Je suis désolé pour New York. Félicitations pour ne pas avoir abandonné à la réception de la réponse.
C’est vrai que Rimouski, c’est une très belle région, très agréable. Depuis que je suis adolescent, je m’y suis arrêté de nombreuses fois. J’y ai de la famille. Mais je n’y suis pas retourné ces dernières années.
On dit en effet que d’avoir un amoureux qui parle une autre langue, c’est la meilleure façon d’apprendre sa langue. Dans mon cas, je crois que ça n’a fonctionné ; mes amoureux anglophones ont mieux appris le français que moi l’anglais. Toutefois, à cause d’eux, plus qu’avec eux, j’ai appris l’anglais. Je ne remarque plus si j’écoute un film ou la télévision en anglais ou en français.
Il faudra cependant que j’aille, le plus tôt possible, polir tout ça en Angleterre :)
@ Alcib : J’ai beaucoup de mal avec l’accent britannique. Pour le marathon, j’envisage aussi celui de Montréal. Ça évite le stress du voyage et j’imagine que dormir dans son lit, la veille, ça peut aider…
On s’adapte rapidement à l’accent britannique. Depuis plusieurs années, c’est l’accent d’ici, et celui des États-uniens, avec lesquels j’ai du mal. On s’habitue vite à la qualité :)
Dormir dans son lit, oui, ça peut certainement aider à être plus en forme le lendemain… à condition de pouvoir dormir.

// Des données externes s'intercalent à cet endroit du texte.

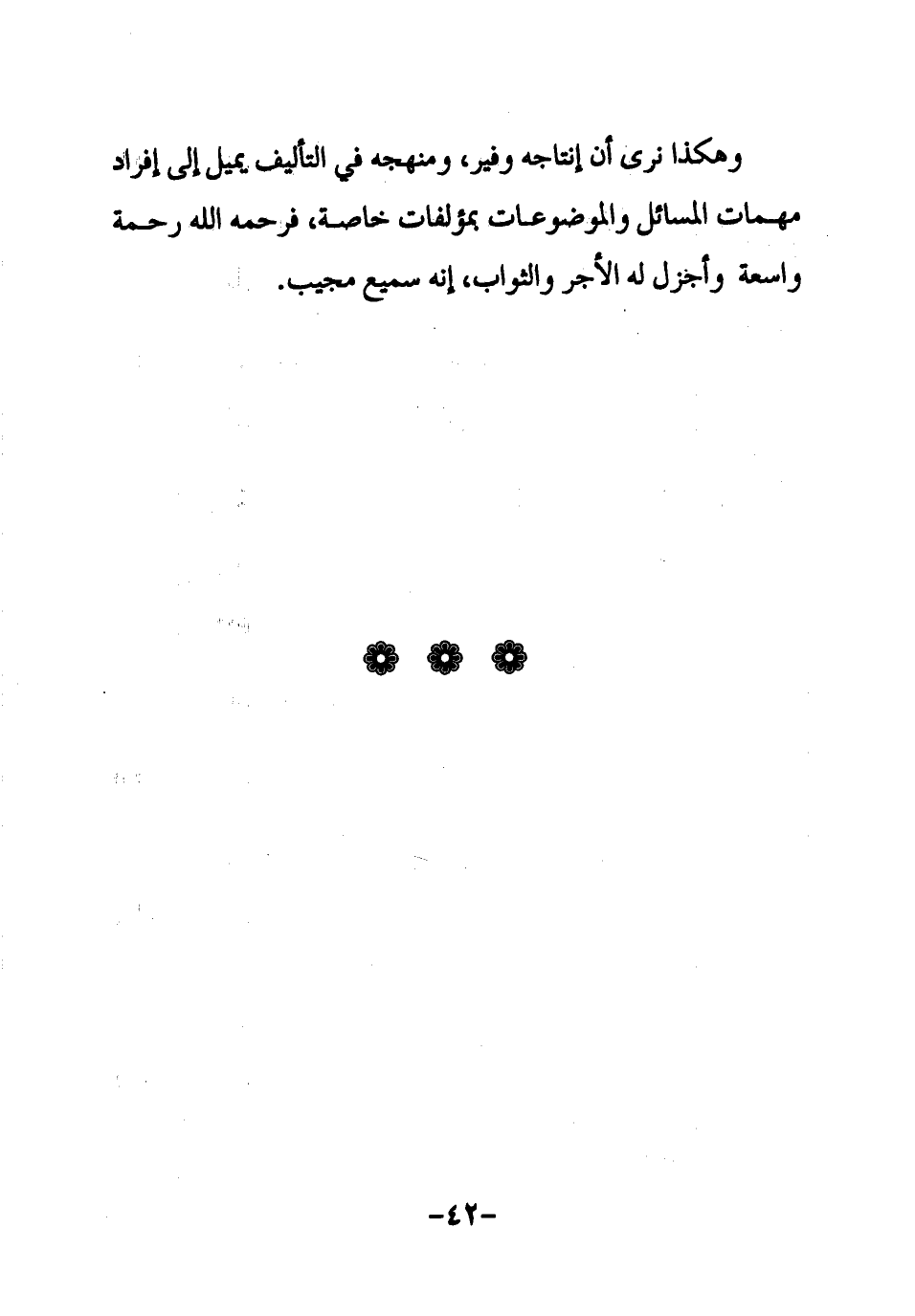 وهكذا نرى أن إنتاجه وفير، ومنهجه في التأليف يميل إلى إفراد مهمات المسائل والموضوعات بمؤلفات خاصة، فرحمه الله رحمة واسعة وأجزل له الأجر والثواب، إنه سميع مجيب.
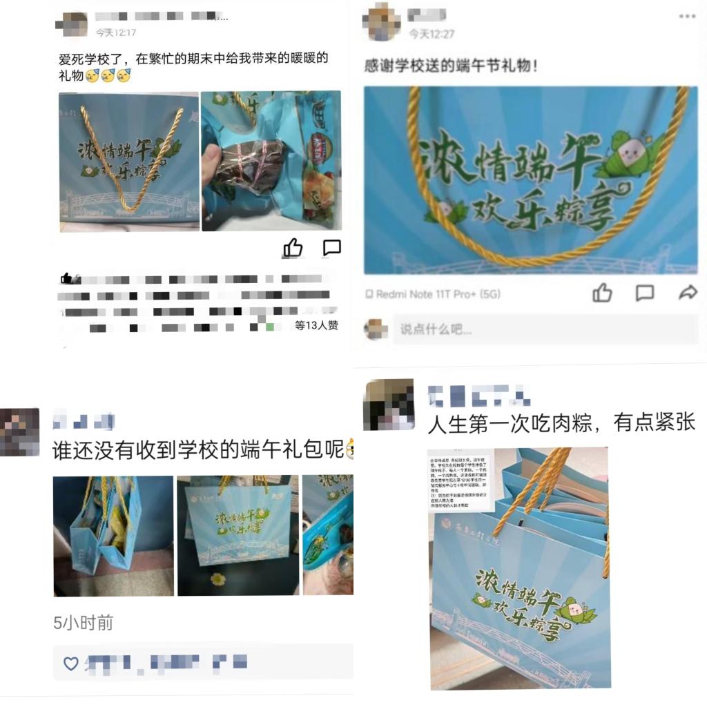 学生代表收到学校老师送来的端午节礼物高兴地表示:“谢谢老师!”“祝老师端午安康!阖家欢乐!”。同学们还纷纷发朋友圈晒幸福!
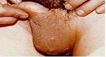 ◆亚急性阴囊湿疹:由急性阴囊湿疹转变而来,表现为阴囊皮肤轻度变厚和轻度糜烂,鳞屑较多,渗液甚少,仍有剧烈瘙痒。
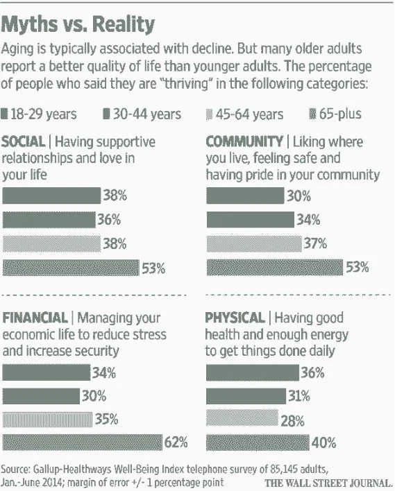 According to numerous studies in geriatrics (branch of medicine dealing with the health and care of the eldery), perceiving aging in terms of just disability or decline leads to poorer physical health outcomes. Becca Levy, associate professor at Yale School of Public Health, quoted in the Wall Street Journal article above, went as far as describing negative stereotypes about aging as "a public health issue".
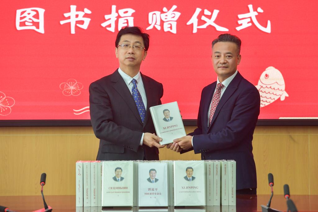 郭健代表學校向北京崇學文化的慷慨捐贈表示感謝。他指出,《習近平談治國理政》多語種圖書是系統反映習近平新時代中國特色社會主義思想的權威著作,展現了馬克思主義中國化時代化的最新成果。此次受贈系列圖書,進一步豐富了學校圖書館館藏文獻資源,必將成為廣大師生深入學習黨的創新理論的重要教材。余富文在發言中希望捐贈圖書能助力河北大學深入學習貫徹習近平新時代中國特色社會主義思想,不斷提升政治工作和教學科研工作水平,共同攜手對外講好中國故事。
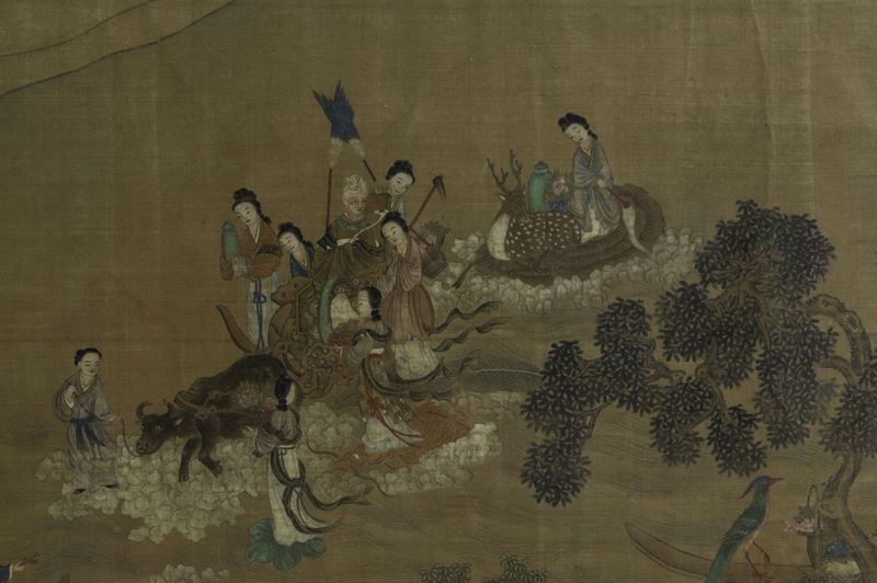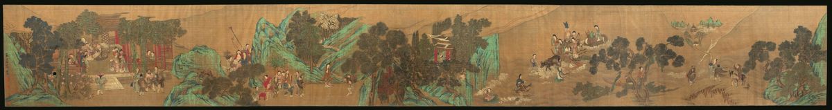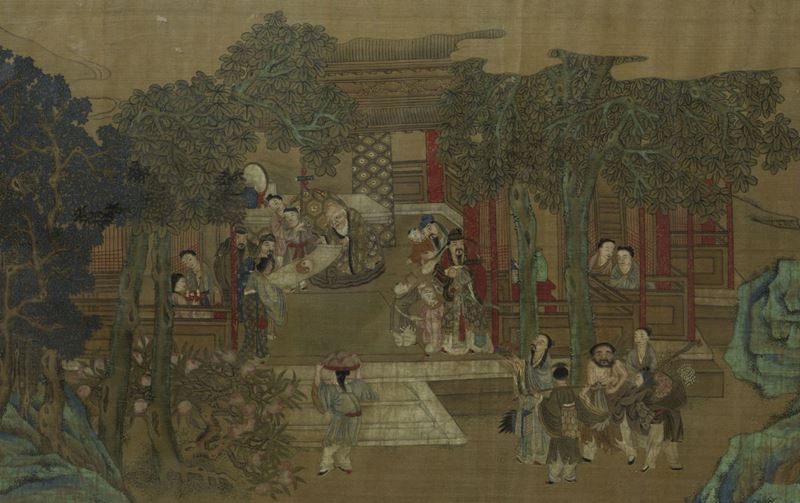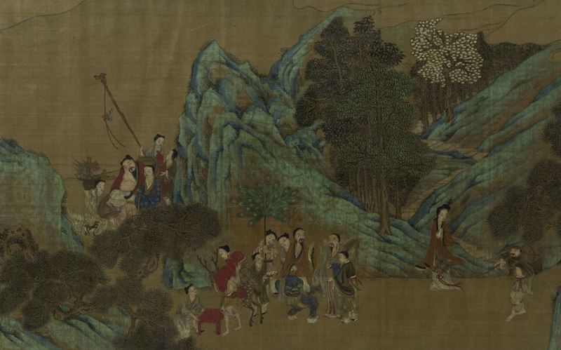 Grande dipinto su carta raffigurante scene di vita comune entro paesaggio, Cina, inizio XIX secolo
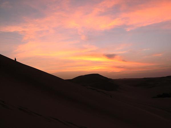 Ich suchte mir eine Unterkunft und erklomm dann eine der rieseigen Dünen, um den Sonnenuntergang zu genießen. Um nicht mit einem panierten Schnitzel verwechselt zu werden, befreite ich mich so gut wie es ohne fließend Wasser ging, von Sand, der sich wirklich überall einen Weg gebahnt hatte.
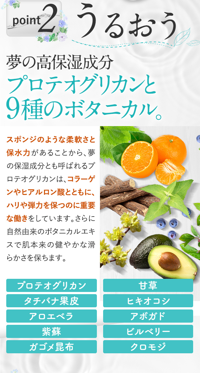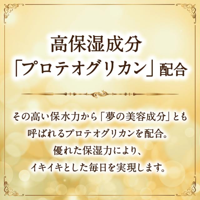 その高い保水力から「夢の美容成分」とも呼ばれるプロテオグリカンを配合。優れた保湿力により、イキイキとした毎日を実現します。

Mais il m’est arrivé de passer la nuit dans un lit que je ne connaissais pas quelques heures auparavant et, le lendemain, d’être choisi (après un examen écrit) pour participer le jour même à un jeu télévisé dans lequel j’avais remporté pas mal d’argent :)
Pour un premier marathon pour ma part je recommande fortement de le faire chez soi (mon premier a été à Paris) surtout qu’avec le stress tu ne dormiras probablement pas beaucoup la nuit d’avant
@ Patrick : Le mauvais côté du marathon de Montréal, c’est qu’il y a peu de spectateurs sur la majorité du trajet. Une partie du parcours traverse une zone industrielle déprimante. Et l’an dernier, l’arrivée était vraiment mal organisée. Dans mon lit ou ailleurs, je risque de ne pas dormir. Malgré tout, je penche pour Montréal. Je me laisse la semaine pour décider.
@ Alcib : Je trouve l’accent britannique charmant et très sexy. Mais je ne lui attribue aucune supériorité sur l’anglais de l’Amérique du Nord. (Comme je ne pense pas que le français parlé en France soit supérieur à celui parlé au Québec.) Ces façons de vivre et de faire évoluer une langue, ces accents sont simplement différents et je crois que c’est cet aspect vivant des langues qui en fait toute la beauté.